Work to complete
Leaving the pictures aside, write out the whole listing below exactly.

Collected data
# # # # # # #

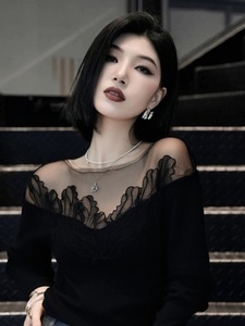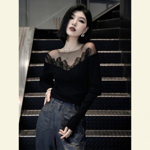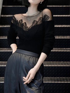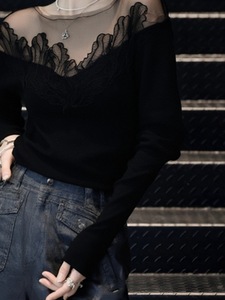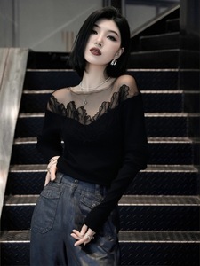 韩系早秋穿搭上衣小众不撞款气质高级感黑色网纱蕾丝拼接针织衫女
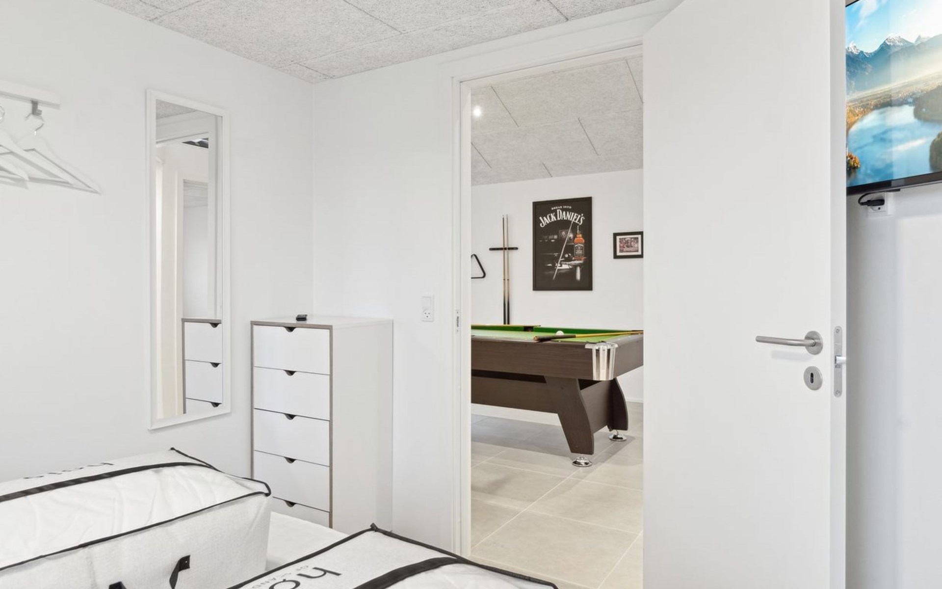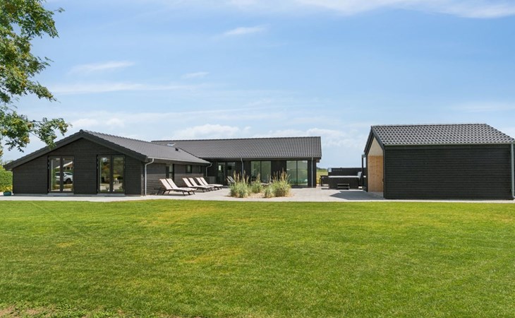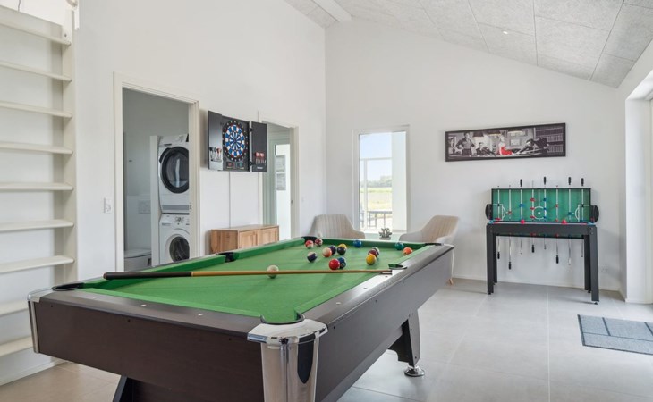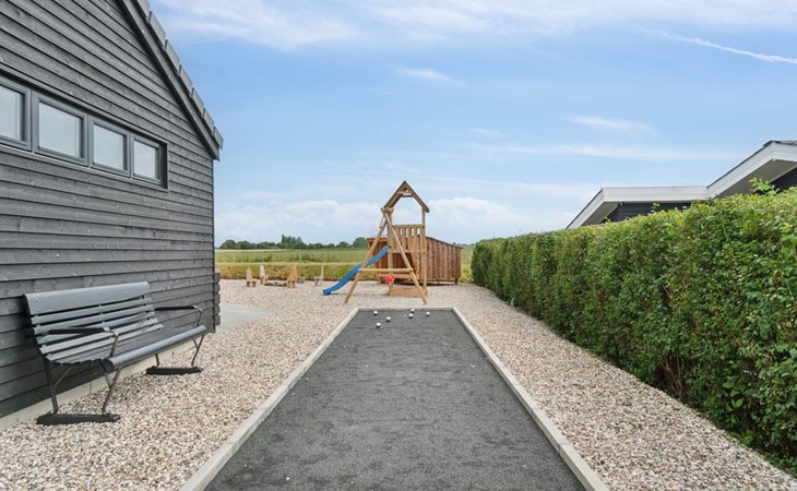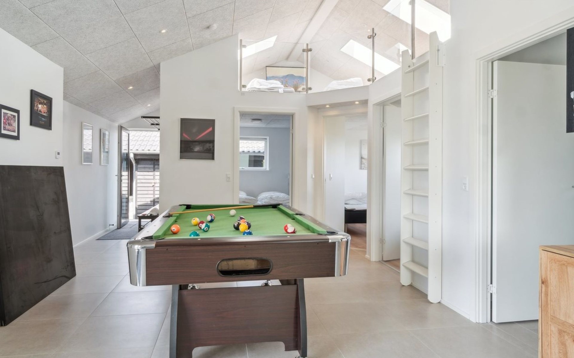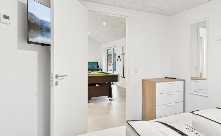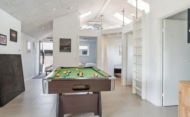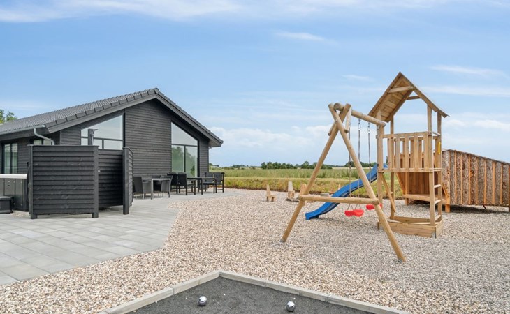 Single-family house, built in 2024. 600 m from the sea. Private: property 1'329 m2, well-kept garden, indoor pool (3 x 5 m, 15 m2, depth 145 - 145 cm). Outdoor shower, terrace (125 m2), barbecue, children's playground (slide, swing). In the house: table football, washing machine, tumble dryer. Parking at the house. E-charging station. Grocery 650 m. Golf course 12 km. The owner does not accept any youth groups.
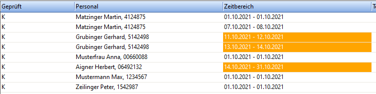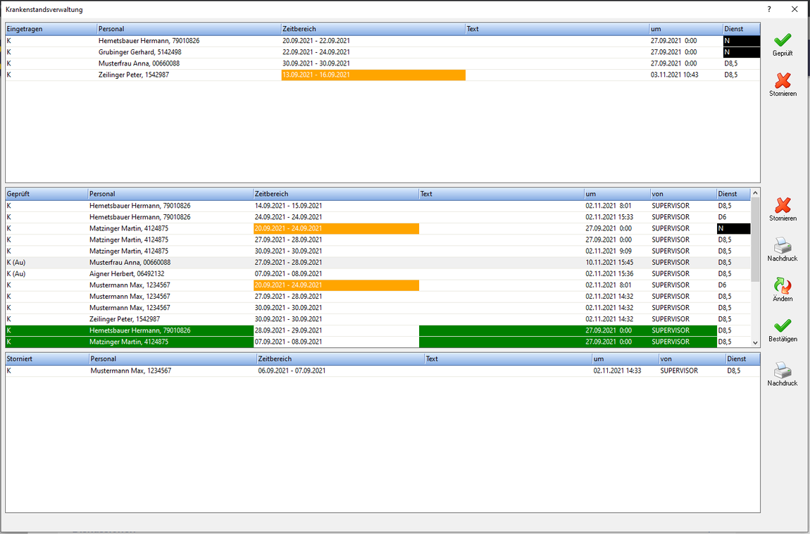 - "Geprüft": Sobald die eingetragenen Krankenstände vom zuständigen Bearbeiter geprüft wurden, wechseln diese in den mittleren Bereich.
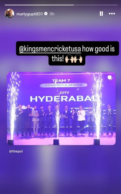 Guptill shared his excitement on Instagram, posting a story of the franchise owners receiving the team keys from Pakistan Cricket Board (PCB) Chairman Mohsin Naqvi, captioning it: "Kingsmen Cricket USA how good is this."

# # # # # # #

Response below
 韩系早秋穿搭上衣小众不撞款气质高级感黑色网纱蕾丝拼接针织衫女
 Single-family house, built in 2024. 600 m from the sea. Private: property 1'329 m2, well-kept garden, indoor pool (3 x 5 m, 15 m2, depth 145 - 145 cm). Outdoor shower, terrace (125 m2), barbecue, children's playground (slide, swing). In the house: table football, washing machine, tumble dryer. Parking at the house. E-charging station. Grocery 650 m. Golf course 12 km. The owner does not accept any youth groups.
 - "Geprüft": Sobald die eingetragenen Krankenstände vom zuständigen Bearbeiter geprüft wurden, wechseln diese in den mittleren Bereich.
 Guptill shared his excitement on Instagram, posting a story of the franchise owners receiving the team keys from Pakistan Cricket Board (PCB) Chairman Mohsin Naqvi, captioning it: "Kingsmen Cricket USA how good is this."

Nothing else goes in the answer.